The material below holds pictures; leave them out and reproduce exactly the lines from the one with "Fierce and unforgettable, the" through the one with "Con l’aiuto di", inclusive.

* Entries provided *

---+---

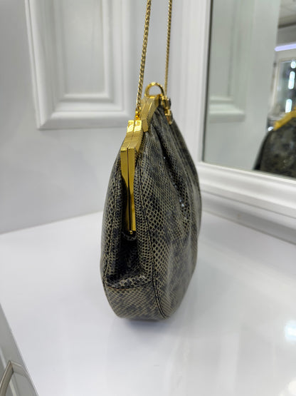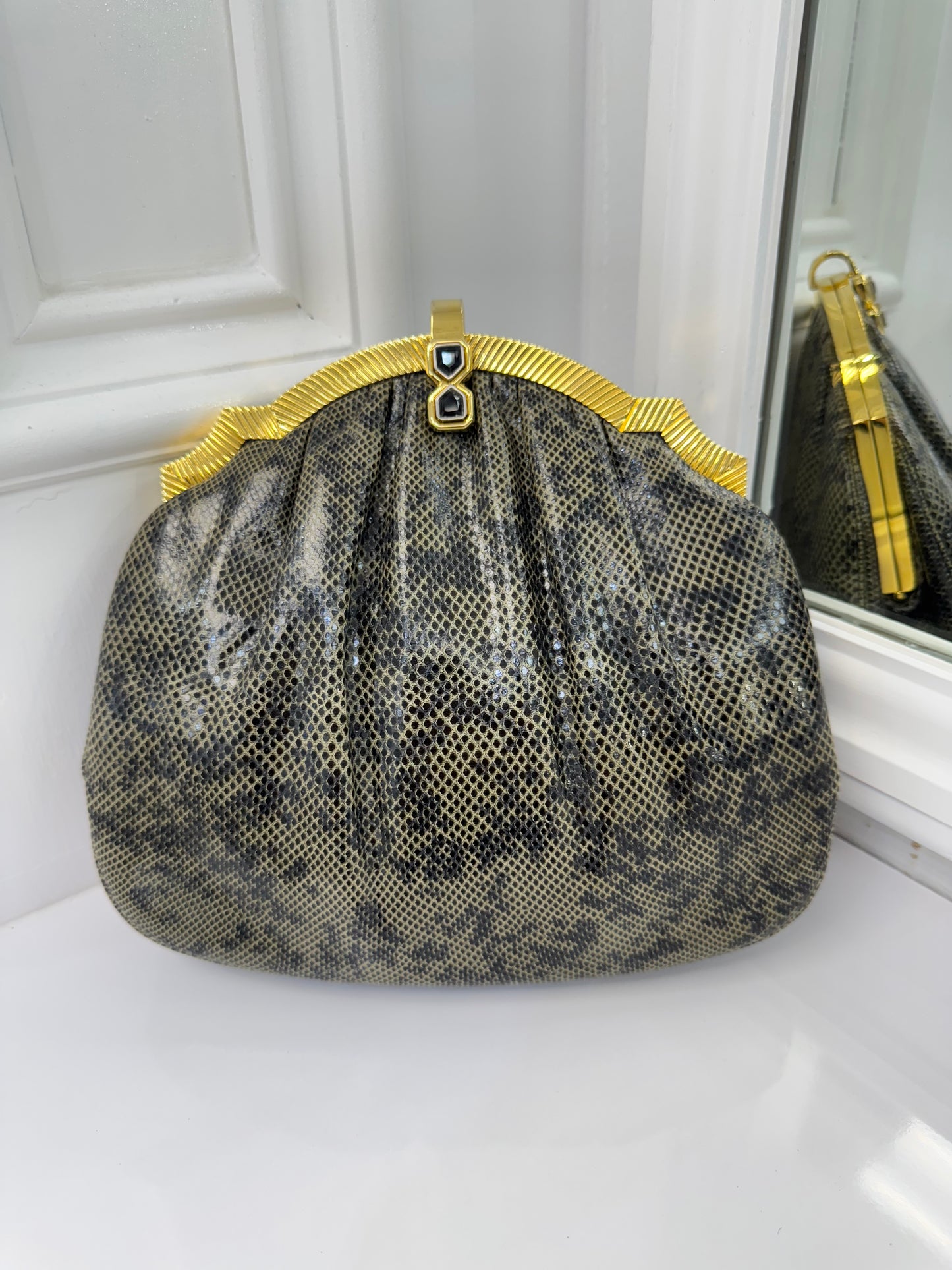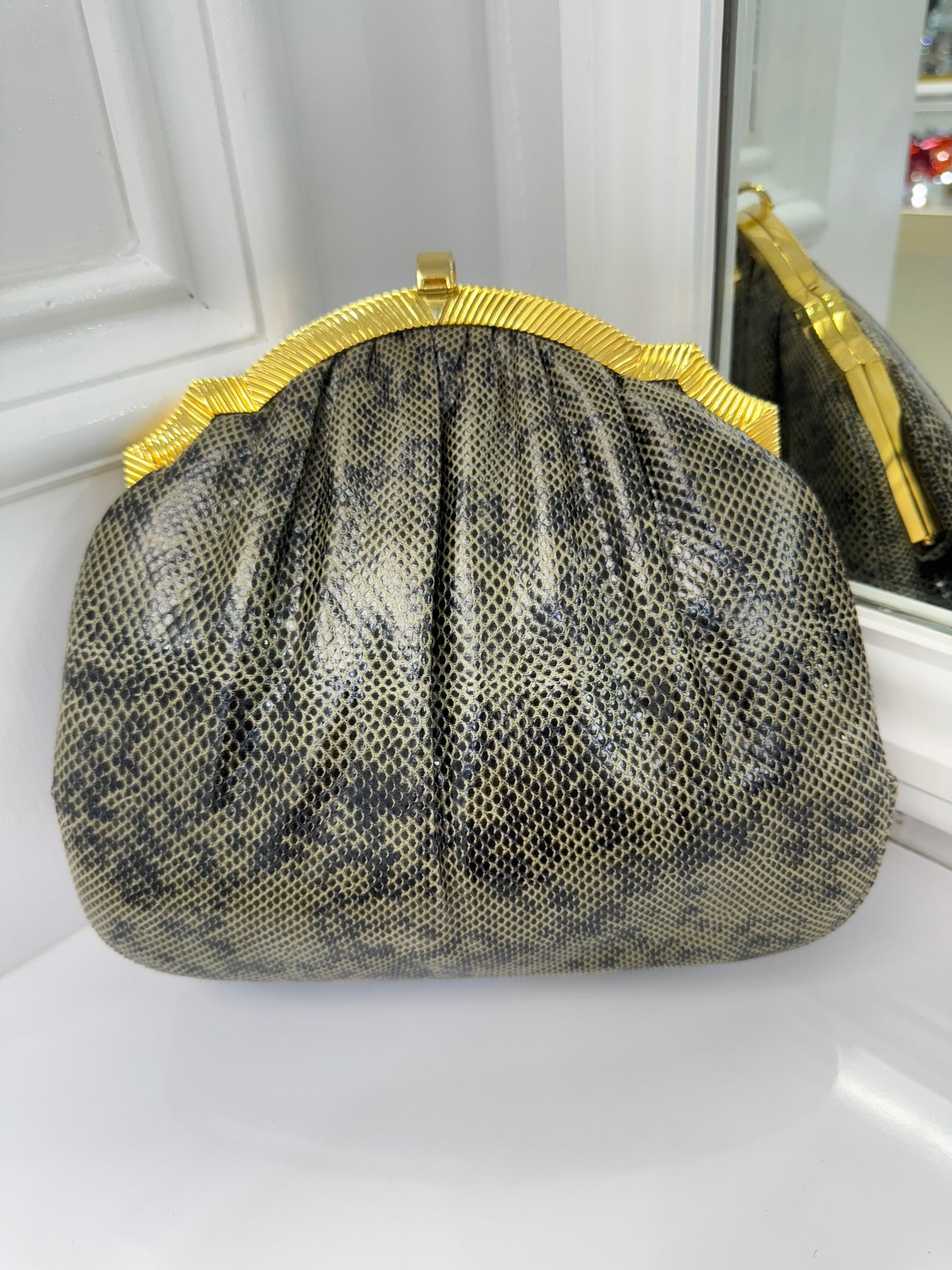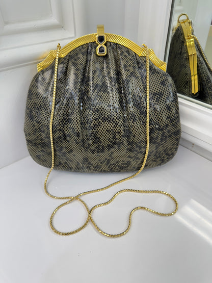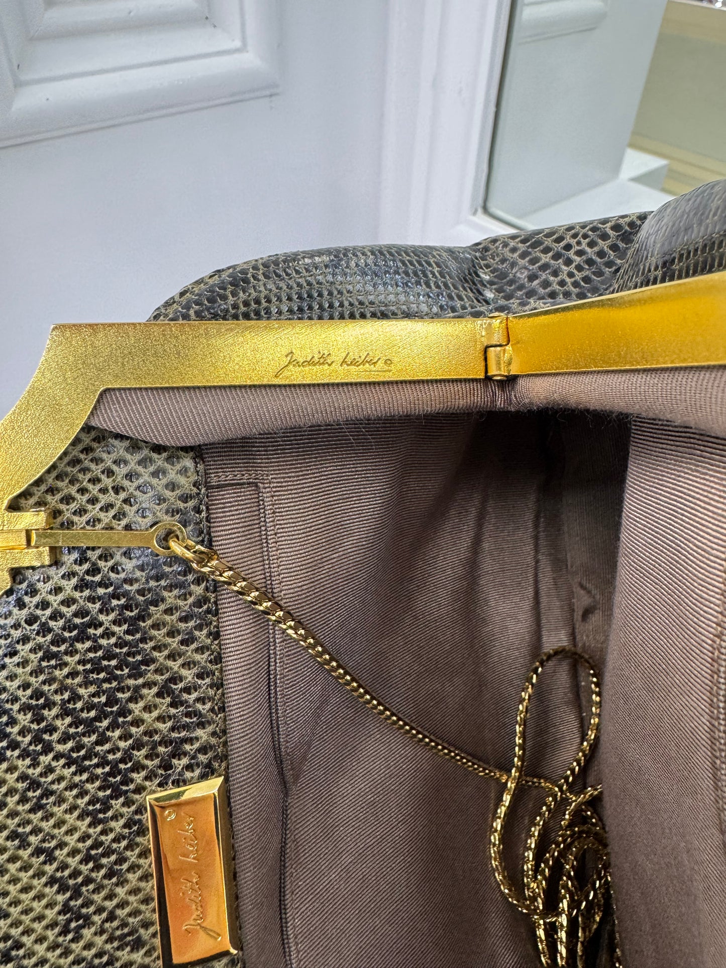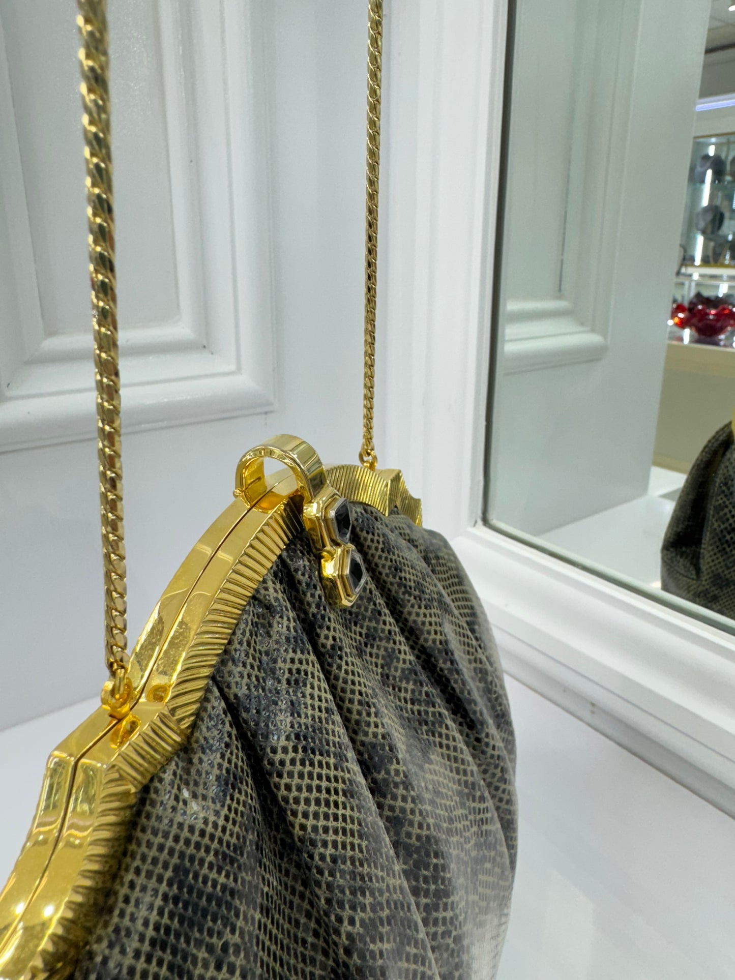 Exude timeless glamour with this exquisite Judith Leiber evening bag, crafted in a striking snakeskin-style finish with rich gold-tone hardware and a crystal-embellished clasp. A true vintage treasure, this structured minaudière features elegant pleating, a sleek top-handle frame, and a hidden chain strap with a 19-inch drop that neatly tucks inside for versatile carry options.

---+---

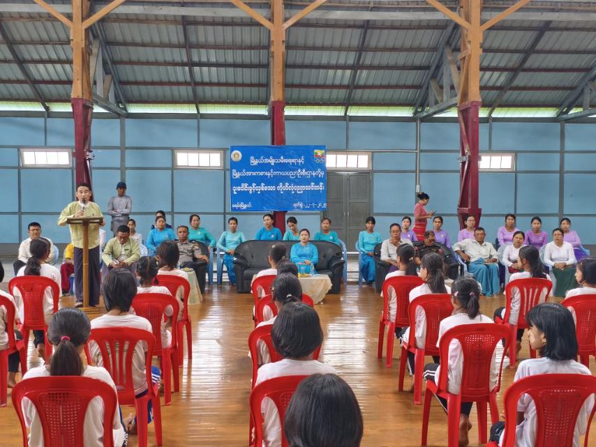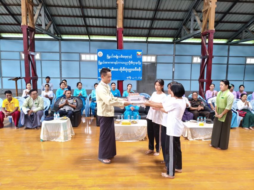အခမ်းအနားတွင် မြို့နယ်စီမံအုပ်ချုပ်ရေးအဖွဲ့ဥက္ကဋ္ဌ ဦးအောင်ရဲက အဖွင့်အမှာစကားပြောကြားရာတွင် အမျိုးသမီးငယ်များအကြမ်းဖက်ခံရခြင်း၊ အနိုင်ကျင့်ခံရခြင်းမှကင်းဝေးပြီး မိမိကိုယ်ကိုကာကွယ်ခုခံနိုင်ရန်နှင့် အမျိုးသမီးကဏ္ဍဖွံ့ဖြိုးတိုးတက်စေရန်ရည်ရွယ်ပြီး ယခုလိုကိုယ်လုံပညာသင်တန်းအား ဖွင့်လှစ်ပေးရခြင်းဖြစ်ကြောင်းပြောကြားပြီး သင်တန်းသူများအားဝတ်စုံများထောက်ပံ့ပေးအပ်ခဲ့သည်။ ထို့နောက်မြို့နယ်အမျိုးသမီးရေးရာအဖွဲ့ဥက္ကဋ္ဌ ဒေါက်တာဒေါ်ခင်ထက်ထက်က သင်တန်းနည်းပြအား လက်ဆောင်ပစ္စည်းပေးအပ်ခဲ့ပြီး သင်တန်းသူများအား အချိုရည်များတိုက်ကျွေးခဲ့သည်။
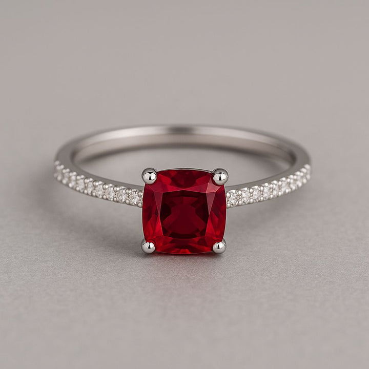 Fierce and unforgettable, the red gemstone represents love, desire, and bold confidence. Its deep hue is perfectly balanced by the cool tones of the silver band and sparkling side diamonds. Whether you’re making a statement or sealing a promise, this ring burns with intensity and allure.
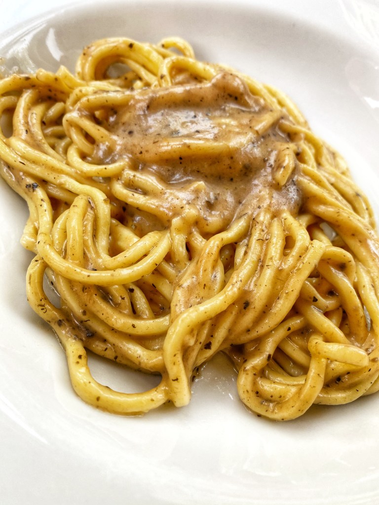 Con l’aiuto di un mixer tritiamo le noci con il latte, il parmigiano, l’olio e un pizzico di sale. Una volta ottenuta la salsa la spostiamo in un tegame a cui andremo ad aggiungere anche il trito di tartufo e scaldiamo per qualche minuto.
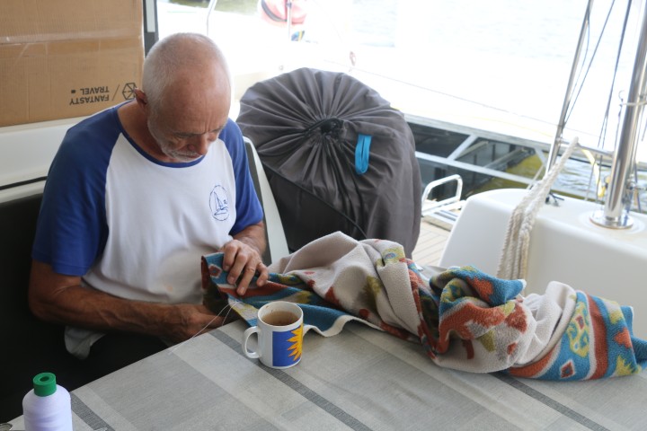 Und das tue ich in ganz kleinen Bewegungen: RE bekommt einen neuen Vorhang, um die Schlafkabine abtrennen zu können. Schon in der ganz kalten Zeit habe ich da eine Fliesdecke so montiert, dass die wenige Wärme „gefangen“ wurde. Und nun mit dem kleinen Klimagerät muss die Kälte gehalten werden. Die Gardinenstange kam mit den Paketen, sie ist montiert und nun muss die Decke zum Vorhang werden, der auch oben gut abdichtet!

---+---

* Task result *
 Fierce and unforgettable, the red gemstone represents love, desire, and bold confidence. Its deep hue is perfectly balanced by the cool tones of the silver band and sparkling side diamonds. Whether you’re making a statement or sealing a promise, this ring burns with intensity and allure.
 Con l’aiuto di un mixer tritiamo le noci con il latte, il parmigiano, l’olio e un pizzico di sale. Una volta ottenuta la salsa la spostiamo in un tegame a cui andremo ad aggiungere anche il trito di tartufo e scaldiamo per qualche minuto.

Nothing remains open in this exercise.